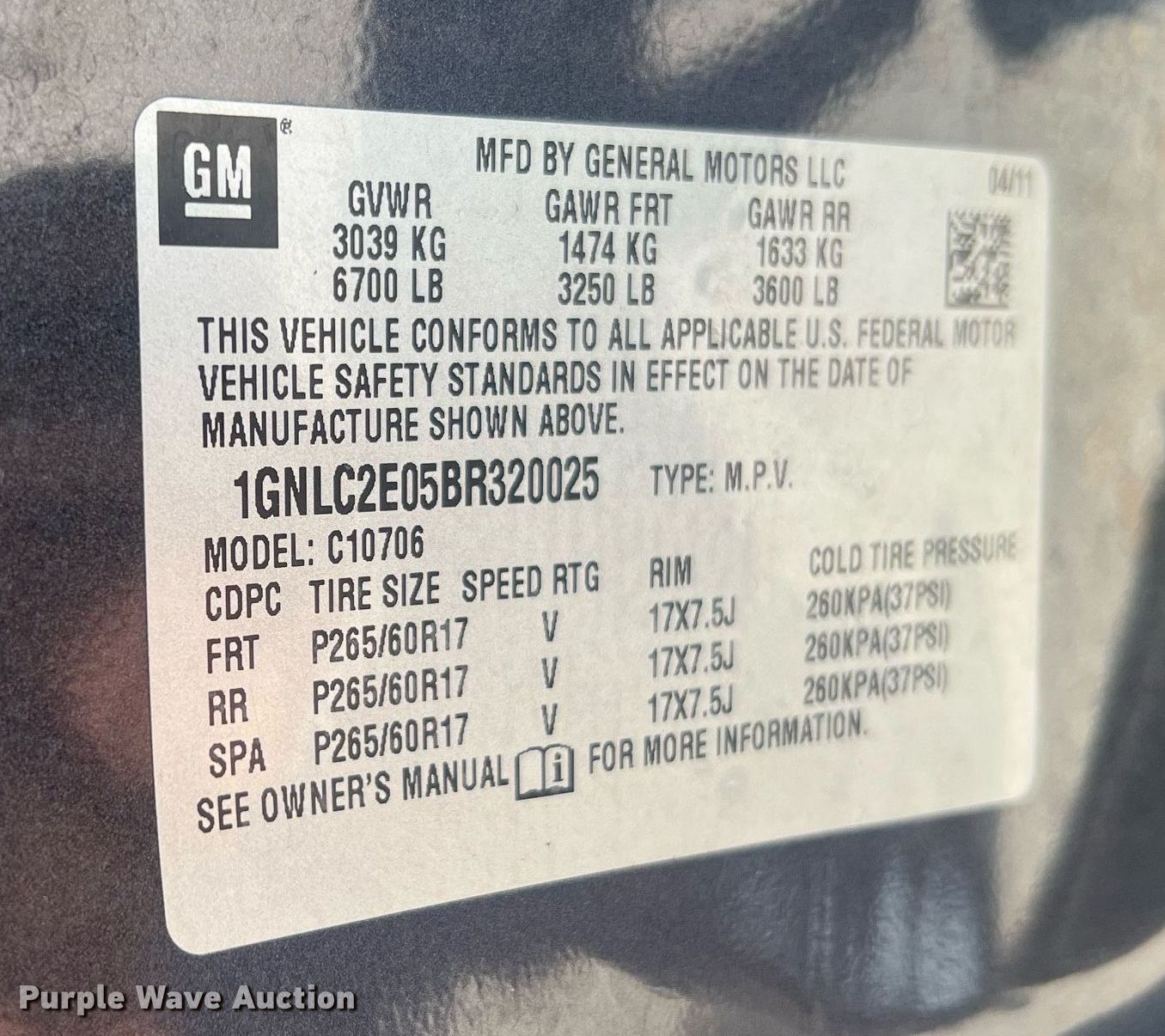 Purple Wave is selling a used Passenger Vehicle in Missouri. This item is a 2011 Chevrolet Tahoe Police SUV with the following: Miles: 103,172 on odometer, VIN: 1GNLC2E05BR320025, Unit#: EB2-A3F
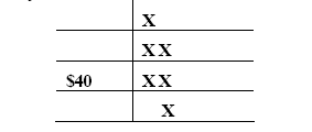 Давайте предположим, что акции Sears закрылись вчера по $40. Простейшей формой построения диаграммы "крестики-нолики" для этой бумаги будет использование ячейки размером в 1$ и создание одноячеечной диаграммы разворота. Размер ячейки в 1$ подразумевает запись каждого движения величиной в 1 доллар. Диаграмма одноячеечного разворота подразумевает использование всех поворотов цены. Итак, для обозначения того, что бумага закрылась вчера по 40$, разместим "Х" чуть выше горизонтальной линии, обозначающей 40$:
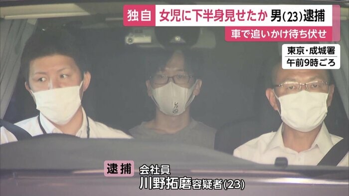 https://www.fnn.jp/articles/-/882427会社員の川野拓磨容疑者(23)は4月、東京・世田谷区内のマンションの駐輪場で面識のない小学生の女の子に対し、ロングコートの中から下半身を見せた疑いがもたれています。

# # # #

◆ **What the task asks**: Starting at the line with "Давайте предположим, что" and stopping at the final line of the material, reproduce each line exactly, both ends included. Leave the pictures out.

◆ **Solved problem**:
 Давайте предположим, что акции Sears закрылись вчера по $40. Простейшей формой построения диаграммы "крестики-нолики" для этой бумаги будет использование ячейки размером в 1$ и создание одноячеечной диаграммы разворота. Размер ячейки в 1$ подразумевает запись каждого движения величиной в 1 доллар. Диаграмма одноячеечного разворота подразумевает использование всех поворотов цены. Итак, для обозначения того, что бумага закрылась вчера по 40$, разместим "Х" чуть выше горизонтальной линии, обозначающей 40$:
 https://www.fnn.jp/articles/-/882427会社員の川野拓磨容疑者(23)は4月、東京・世田谷区内のマンションの駐輪場で面識のない小学生の女の子に対し、ロングコートの中から下半身を見せた疑いがもたれています。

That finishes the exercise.